Au plus fort de sa démagogie, Michel Moulin avait prononcé la phrase que tout supporter du PSG rêvait d’entendre: « à qualité égale, je préfère que le joueur vienne de Paris et sa région que d’ailleurs. Dans mon projet, les clubs de banlieue ne seront pas oubliés. Ce n’est pas normal que les joueurs de la région parisienne partent loin de Paris ». Ecarté depuis du Paris Saint Germain, le patron de Paru Vendu n’a pas renoncé à son projet. Il veut faire monter l’UJA Alfortville de la CFA à la Ligue 1 sous 5 ans. Et toujours avec le même projet: les jeunes du bassin parisien. Selon lui, il serait temps d’exploiter enfin ce grand vivier de talents.

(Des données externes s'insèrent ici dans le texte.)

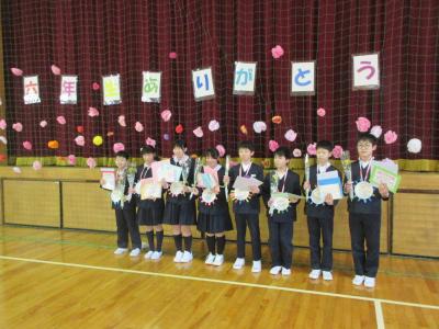 お祝い3月16日(水)第41回 若山小学校卒業証書授与式が行われ、3名の若山っ子が巣立っていきました。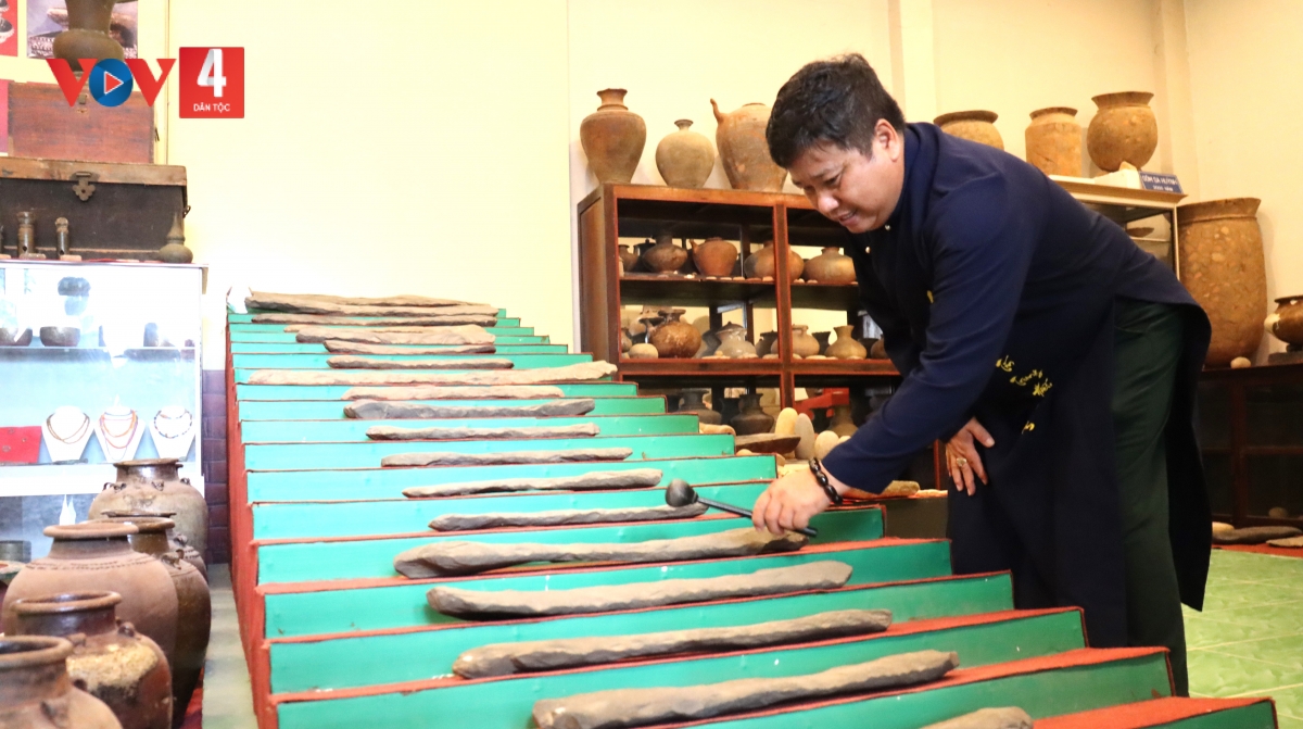 “Đây là một bộ đàn đá đẹp nhất Việt Nam và trên thế giới. Chúng tôi đã đón tiếp được nhiều giáo sư, tiến sỹ trong và ngoài nước đã đến đây và nghiên cứu các hiện vật thuộc văn hoá Chăm và các dân tộc anh em. Tôi xin đánh vài tiếng đàn đá cho các anh chị biết được là cách đây khoảng 3.000 năm về trước vọng về. Xin thưa với các anh chị bộ này sưu tập ở Di Linh của tỉnh Lâm Đồng chúng ta”.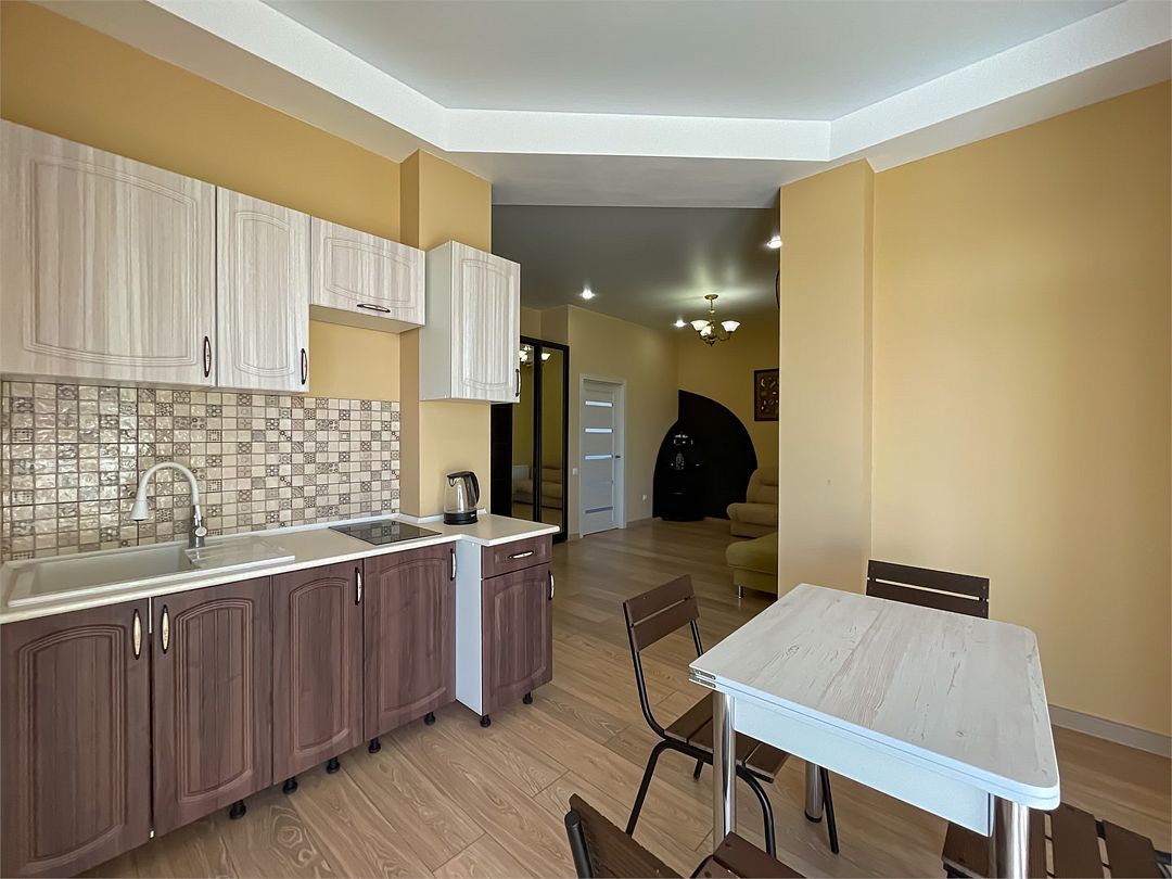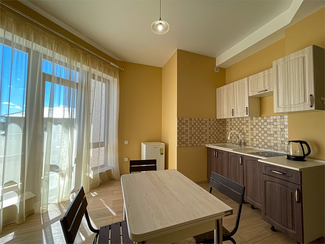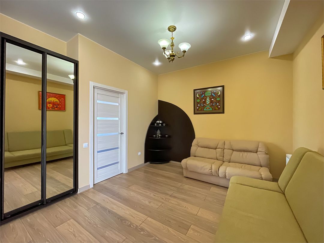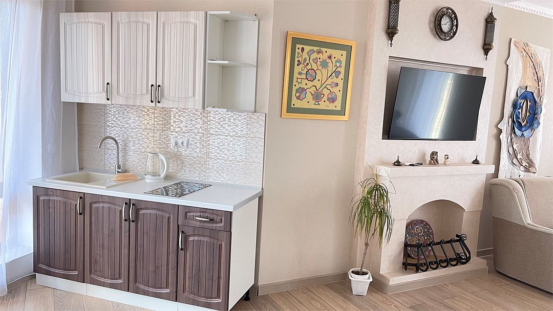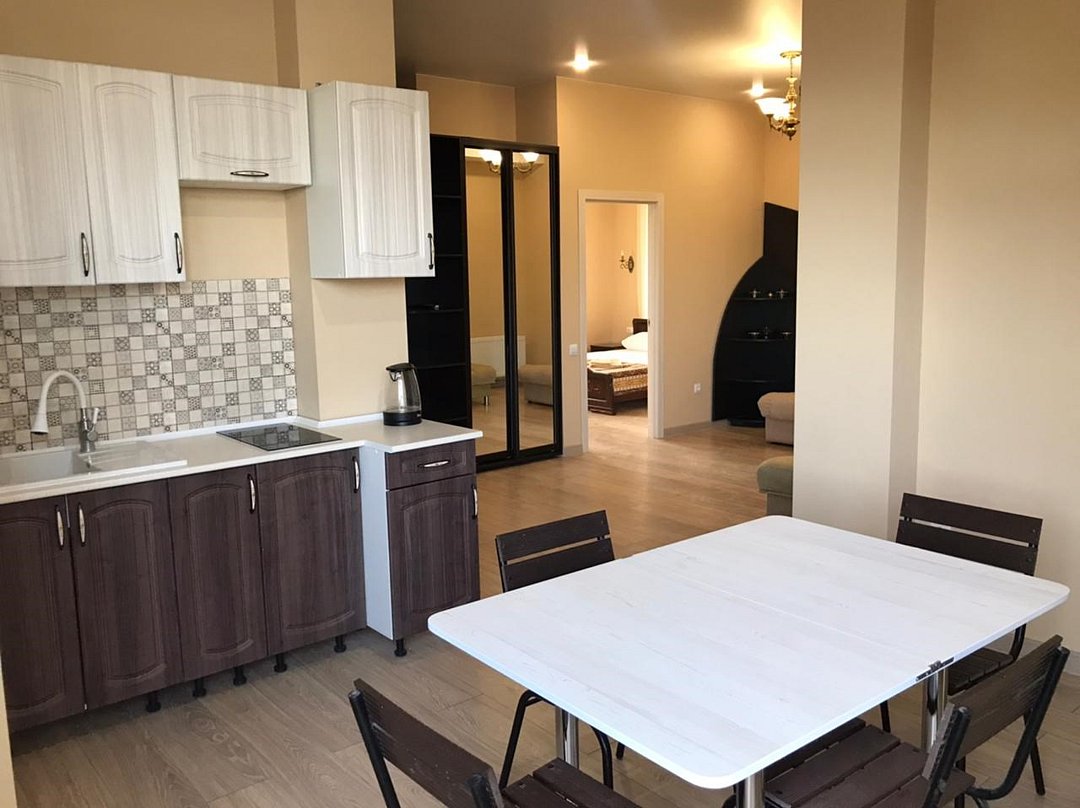 Двухкомнатные апартаменты в современном стиле. Оборудованная кухня , собственная ванная комната с душевой кабиной, туалетом и умывальником к вашим услугам. Мы позаботились о каждой мелочи для Вашего удобства.Услуги и удобства
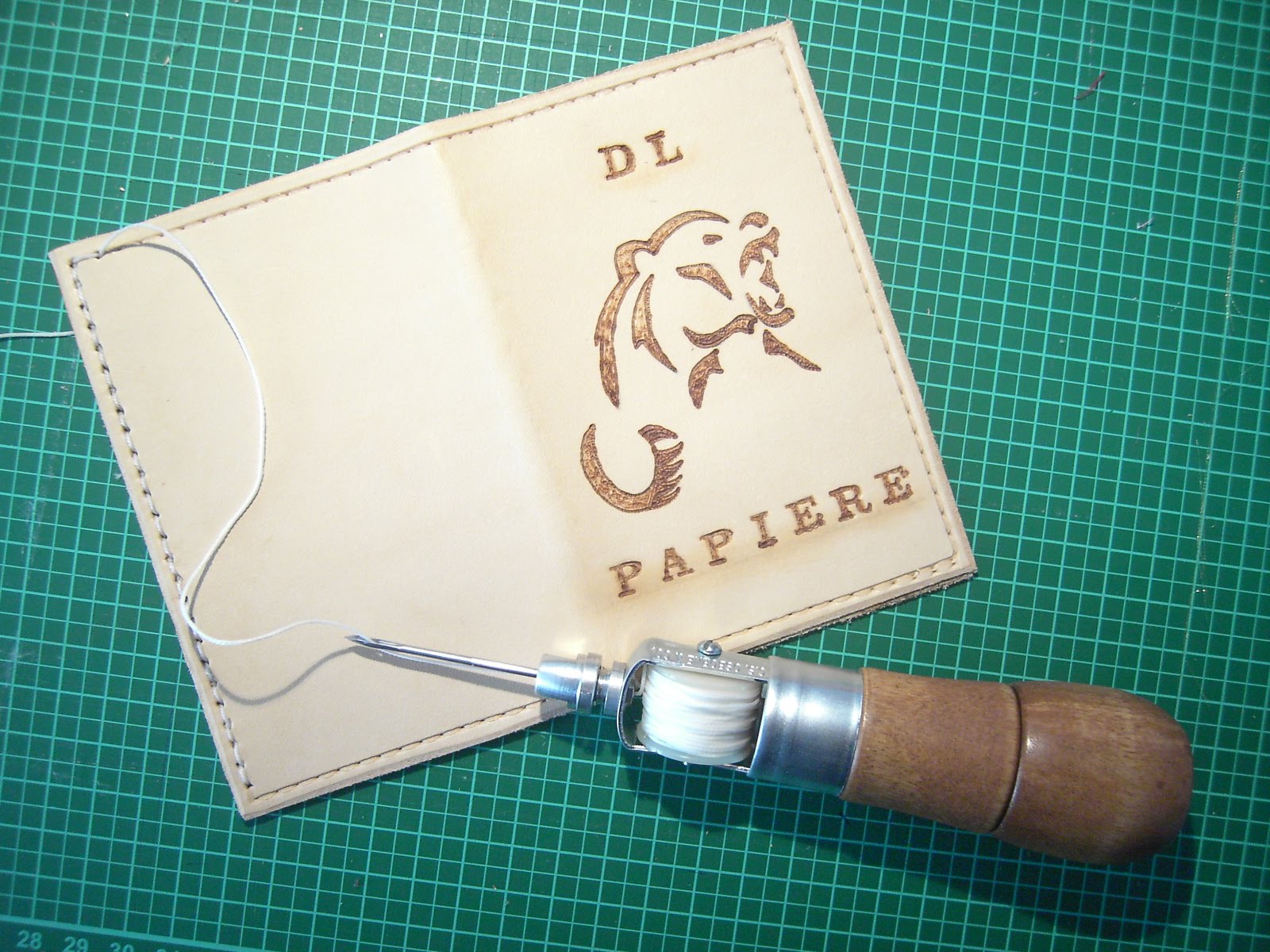 Ich habe mir wieder mal ein paar Lederwerkzeuge bestellt, um mir die Lederverarbeitung etwas zu erleichtern und die Produkte etwas professioneller aussehen zu lassen, vor allem was Nähte und Kanten angeht. Das erste nette ,,Spielzeug", das ich heute morgen ausprobiert habe, ist eine Näh-Ahle, auch automatische Ahle genannt. Mit diesem Werkzeug kann man sehr einfach eine sogenannte Sattlernaht herstellen. Trainingsobjekt war ein Mäppchen für meine Papiere wie Führerschein, Fahrzeugschein etc. Natürlich wieder mit meinem verärgerten Bärchen. ;-)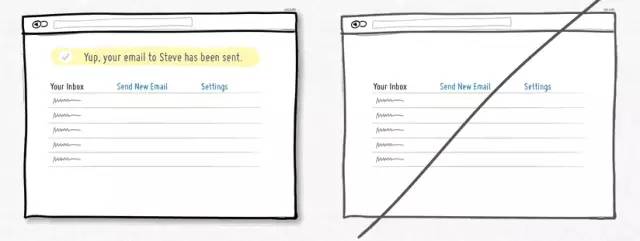 当我们执行了一个动作,肯定我们希望知道是否成功。比如:当我们发送邮件时候希望知道是否发送成功。什么反馈也没有意味着不确定性:起作用了么?点击了么?按钮按下去了么?是否要重试? 成功提醒是非常有价值的交互。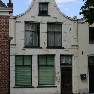 PAND met vier identieke tuitgevels (ca.1800 ?) met topobelisken. Roedenverdeling van de vensters stijl XVIII.

Facile à dire. En Ile-de-France, les ambitions de footballeurs en herbe défient la logique de ceux de province. Là où le plus talentueux des Bordelais se dirigera vers les équipes de jeunes des Girondins, les jeunes des banlieues ne voient pas le PSG comme le premier choix.
« Le PSG, c’est pourtant le club de mes rêves. Mais je ne pouvais pas signer là-bas. C’est déjà dur de percer. Là, en plus, il y a l’environnement, les copains, la pression. Pour une carrière pro, c’est mieux de partir » , Loïc Lumbilla est un symbole. Au lieu de partir au centre de formation du PSG, il a préféré jouer dans le championnat des 15ans nationaux, un championnat où l’on rencontre les équipes jeunes des pros, Clairefontaine et consorts… Trois ans après, l’Inter Milan lui faisait signer un contrat.
Le Paris FC a une équipe en moins de 15. C’est probablement le club le plus prisé par les jeunes de banlieues. Il pourrait même avoir le surnom de « Clairefontaine du pauvre » tant le concept est le même que chez Monsieur Dusseau: prendre des jeunes doués de 14 à 17 ans et les mener jusqu’à la structure professionnelle; le plaisir de la formation mais aussi l’envie de créer un groupe.
Si l’on se replonge cinq ans en arrière, l’équipe du Paris FC était composée de Loïc Lumbilla et Tijani Bellaïd, pensionnaire de l’Inter, Mohamadou Sissoko, de l’Udinese et Djamel Abdoun, fraîche recrue du FC Nantes.
Pour Loïc Lumbilla, cela venait avant tout des dirigeants: « Quand on recevait des offres, ils étaient les premiers heureux pour notre réussite et nous en faisaient part immédiatement. La plupart des autres clubs auraient préférés les cacher ou penser d’abord à gagner le plus d’argent possible » .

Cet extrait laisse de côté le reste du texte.